Your assignment: The whole listing that follows, pictures excepted, should be printed again exactly as given.
^^^^
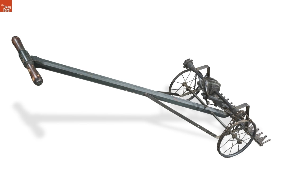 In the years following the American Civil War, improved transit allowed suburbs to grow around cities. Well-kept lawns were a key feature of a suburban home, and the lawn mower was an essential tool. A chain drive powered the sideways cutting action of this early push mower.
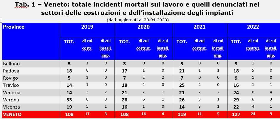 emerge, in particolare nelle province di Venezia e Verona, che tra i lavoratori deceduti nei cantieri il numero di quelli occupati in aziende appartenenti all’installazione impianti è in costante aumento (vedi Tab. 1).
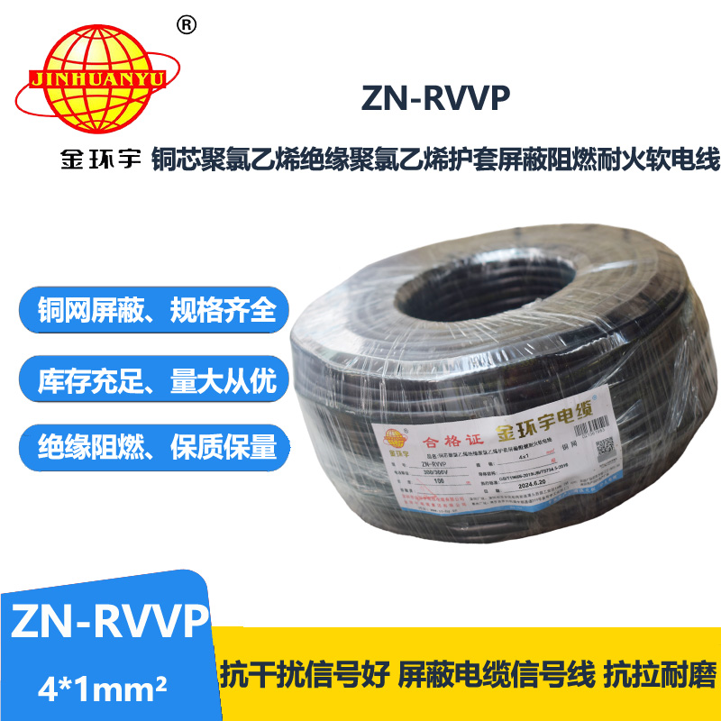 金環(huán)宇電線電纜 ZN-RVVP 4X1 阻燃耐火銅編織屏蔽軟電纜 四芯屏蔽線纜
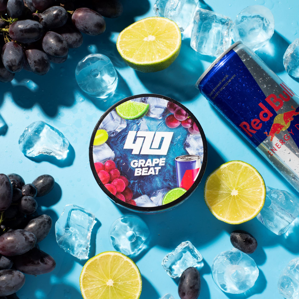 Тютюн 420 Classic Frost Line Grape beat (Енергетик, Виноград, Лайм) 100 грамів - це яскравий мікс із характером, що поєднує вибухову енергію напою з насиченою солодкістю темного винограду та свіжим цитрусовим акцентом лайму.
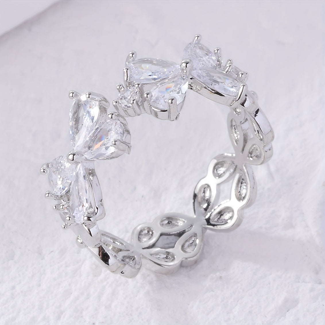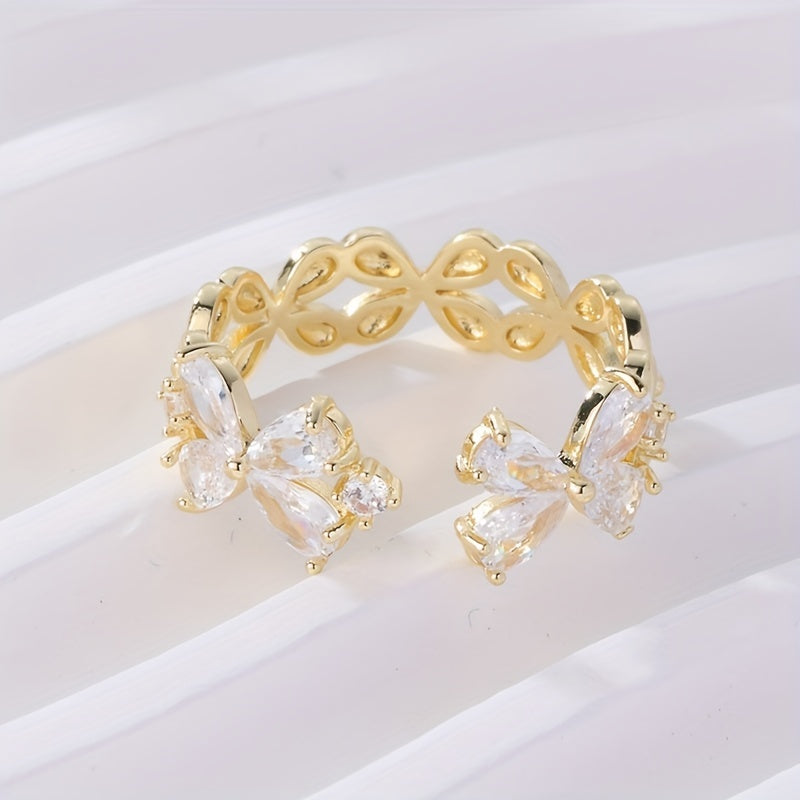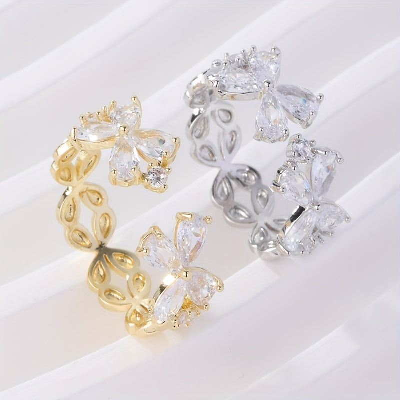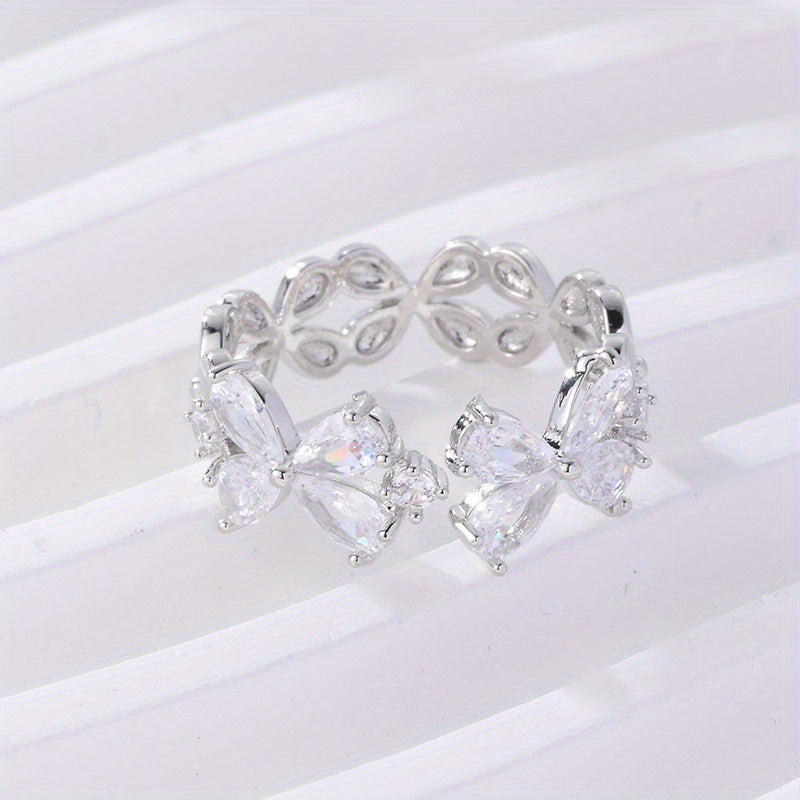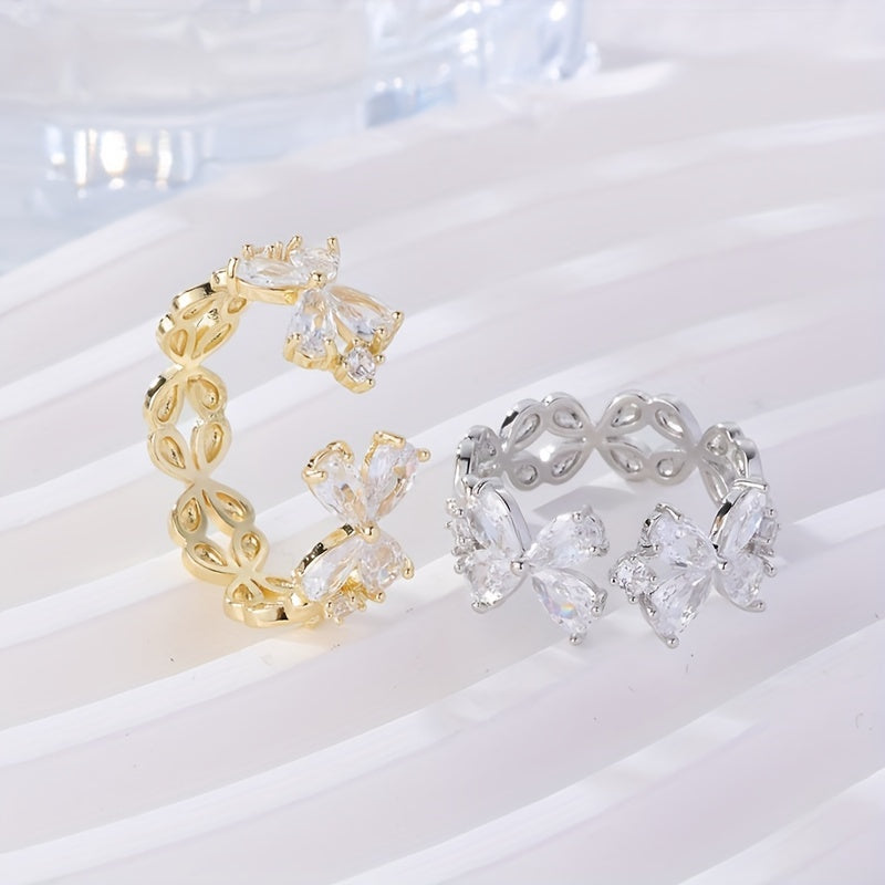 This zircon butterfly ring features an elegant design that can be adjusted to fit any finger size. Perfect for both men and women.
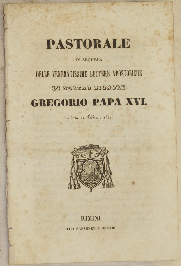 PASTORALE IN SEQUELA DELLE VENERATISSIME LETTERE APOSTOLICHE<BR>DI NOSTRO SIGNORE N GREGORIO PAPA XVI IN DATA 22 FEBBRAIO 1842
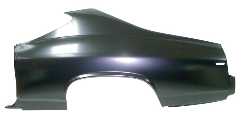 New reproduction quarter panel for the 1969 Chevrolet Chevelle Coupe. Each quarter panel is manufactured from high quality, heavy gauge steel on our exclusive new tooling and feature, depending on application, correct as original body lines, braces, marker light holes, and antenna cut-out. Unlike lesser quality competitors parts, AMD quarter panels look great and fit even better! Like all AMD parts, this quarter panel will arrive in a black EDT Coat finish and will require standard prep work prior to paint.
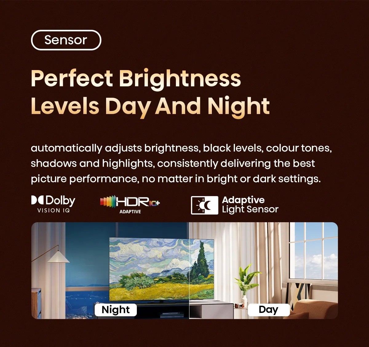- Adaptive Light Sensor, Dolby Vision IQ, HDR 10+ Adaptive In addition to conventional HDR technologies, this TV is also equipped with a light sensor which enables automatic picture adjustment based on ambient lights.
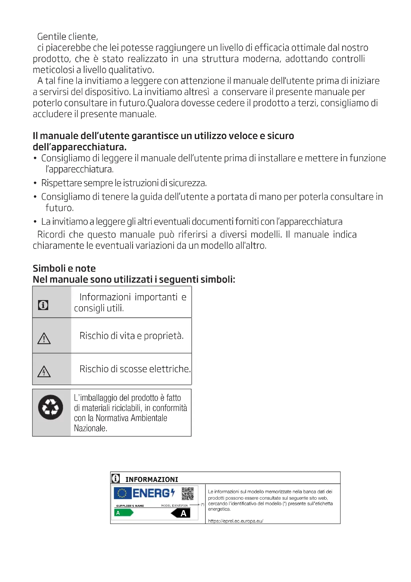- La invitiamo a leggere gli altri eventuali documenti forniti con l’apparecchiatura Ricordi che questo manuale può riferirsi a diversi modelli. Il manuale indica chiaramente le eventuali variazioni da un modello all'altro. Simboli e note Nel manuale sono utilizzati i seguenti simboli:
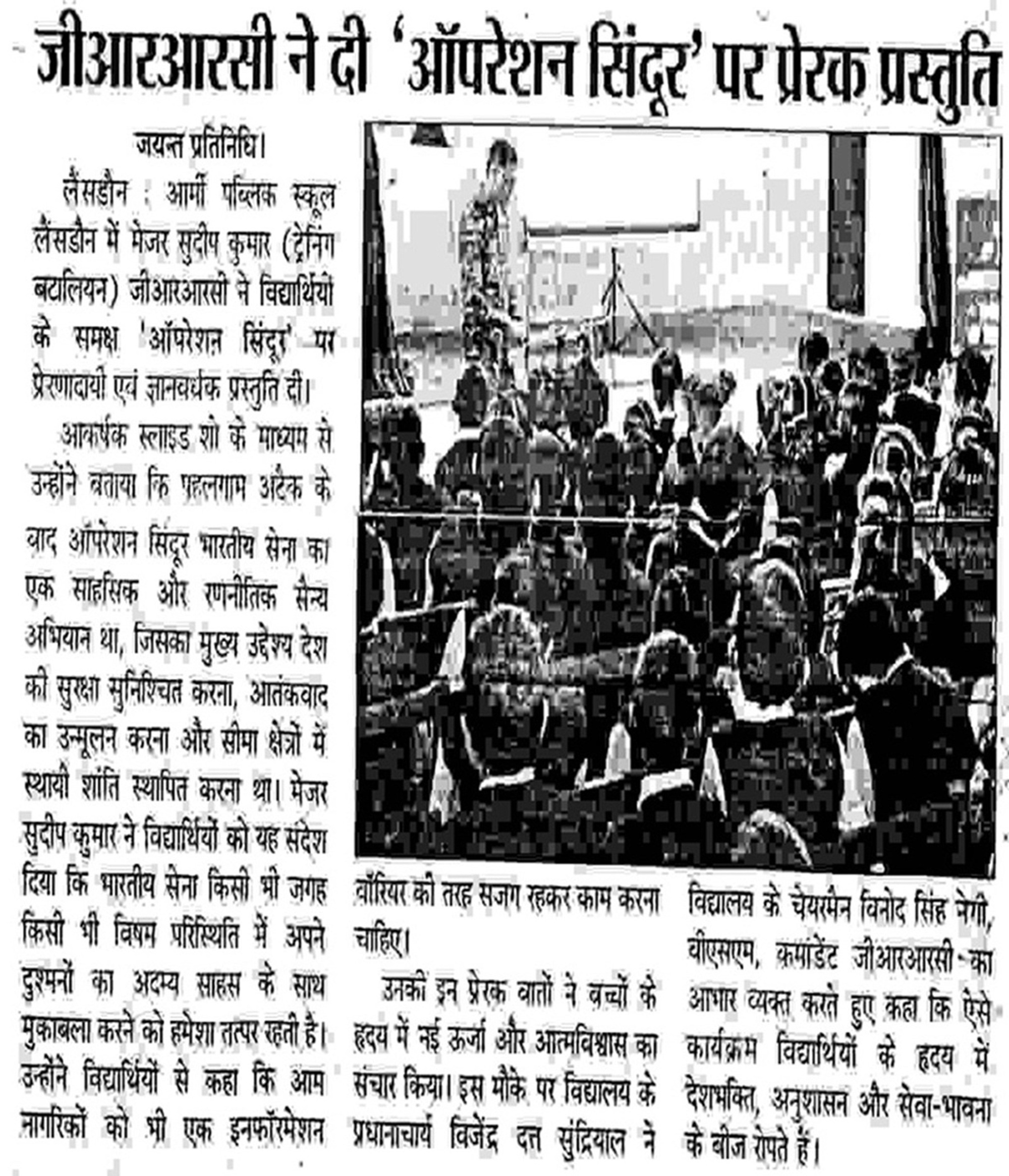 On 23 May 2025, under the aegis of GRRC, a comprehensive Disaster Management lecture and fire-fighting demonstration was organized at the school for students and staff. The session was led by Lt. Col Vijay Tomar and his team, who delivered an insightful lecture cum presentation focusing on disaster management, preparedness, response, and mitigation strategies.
^^^^
Problem solution:
 In the years following the American Civil War, improved transit allowed suburbs to grow around cities. Well-kept lawns were a key feature of a suburban home, and the lawn mower was an essential tool. A chain drive powered the sideways cutting action of this early push mower.
 emerge, in particolare nelle province di Venezia e Verona, che tra i lavoratori deceduti nei cantieri il numero di quelli occupati in aziende appartenenti all’installazione impianti è in costante aumento (vedi Tab. 1).
 金環(huán)宇電線電纜 ZN-RVVP 4X1 阻燃耐火銅編織屏蔽軟電纜 四芯屏蔽線纜
 Тютюн 420 Classic Frost Line Grape beat (Енергетик, Виноград, Лайм) 100 грамів - це яскравий мікс із характером, що поєднує вибухову енергію напою з насиченою солодкістю темного винограду та свіжим цитрусовим акцентом лайму.
 This zircon butterfly ring features an elegant design that can be adjusted to fit any finger size. Perfect for both men and women.
 PASTORALE IN SEQUELA DELLE VENERATISSIME LETTERE APOSTOLICHE<BR>DI NOSTRO SIGNORE N GREGORIO PAPA XVI IN DATA 22 FEBBRAIO 1842
 New reproduction quarter panel for the 1969 Chevrolet Chevelle Coupe. Each quarter panel is manufactured from high quality, heavy gauge steel on our exclusive new tooling and feature, depending on application, correct as original body lines, braces, marker light holes, and antenna cut-out. Unlike lesser quality competitors parts, AMD quarter panels look great and fit even better! Like all AMD parts, this quarter panel will arrive in a black EDT Coat finish and will require standard prep work prior to paint.
- Adaptive Light Sensor, Dolby Vision IQ, HDR 10+ Adaptive In addition to conventional HDR technologies, this TV is also equipped with a light sensor which enables automatic picture adjustment based on ambient lights.
- La invitiamo a leggere gli altri eventuali documenti forniti con l’apparecchiatura Ricordi che questo manuale può riferirsi a diversi modelli. Il manuale indica chiaramente le eventuali variazioni da un modello all'altro. Simboli e note Nel manuale sono utilizzati i seguenti simboli:
 On 23 May 2025, under the aegis of GRRC, a comprehensive Disaster Management lecture and fire-fighting demonstration was organized at the school for students and staff. The session was led by Lt. Col Vijay Tomar and his team, who delivered an insightful lecture cum presentation focusing on disaster management, preparedness, response, and mitigation strategies.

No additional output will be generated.